I don't think anything like this exists in Sage now, but the code for random_subgraph
is pretty simple:
def random_subgraph(self, p, inplace=False):
"""
Return a random subgraph containing each vertex with probability ``p``.
INPUT:
- ``p`` -- the probability of choosing a vertex
- ``inplace`` -- boolean (default: ``False``); using ``inplace=True``
will simply delete the extra vertices and edges from the current
graph. This will modify the graph.
EXAMPLES::
sage: P = graphs.PetersenGraph()
sage: P.random_subgraph(.25)
Subgraph of (Petersen graph): Graph on ... vert...
"""
p = float(p)
if p < 0 or p > 1:
raise ValueError("a probability must be in range [0..1]")
vertices = [v for v in self if random() < p]
return self.subgraph(vertices=vertices, inplace=inplace)
The heart of it is:
vertices = [v for v in self if random() < p]
return self.subgraph(vertices=vertices, inplace=inplace)
Something that doesn't quite work:
sage: g = graphs.PetersenGraph()
sage: p = 0.3
sage: V = [v for v in g if random()<p]
sage: E = [e for e in g.edge_iterator() if random()<p]

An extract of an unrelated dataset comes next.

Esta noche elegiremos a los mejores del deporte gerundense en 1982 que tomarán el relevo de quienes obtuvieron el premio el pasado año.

sage: h = g.subgraph(vertices=V, edges=E)
The problem is that the definition of E
ignores which vertices are in V
. You could instead construct your subgraph in stages:
sage: h1 = g.random_subgraph(p)
sage: E = [e for e in h1.edge_iterator() if random()<p] # choose edges randomly from h1
sage: h2 = h1.subgraph(edges=E)
Now h2
will have the randomly chosen vertices that make up h1
, and it will have edges chosen from h1
randomly.
Not sure what you mean. Do you mean that also edges in G should be included or not with some probability?

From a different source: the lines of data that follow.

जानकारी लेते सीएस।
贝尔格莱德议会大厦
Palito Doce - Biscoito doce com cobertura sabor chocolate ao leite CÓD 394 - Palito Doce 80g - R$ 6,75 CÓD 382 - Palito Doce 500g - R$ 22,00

The algorithm random_subgraph(p) will select each vertex of G independently with probability p but then include ALL the edges between those vertices provided they are edges in G. The idea is that instead of including all possible edges it subsequently selects each with probability q.
Do you want to achieve equiprobability of each subgraph ? If yes, first selecting the vertices and then the eges might not work.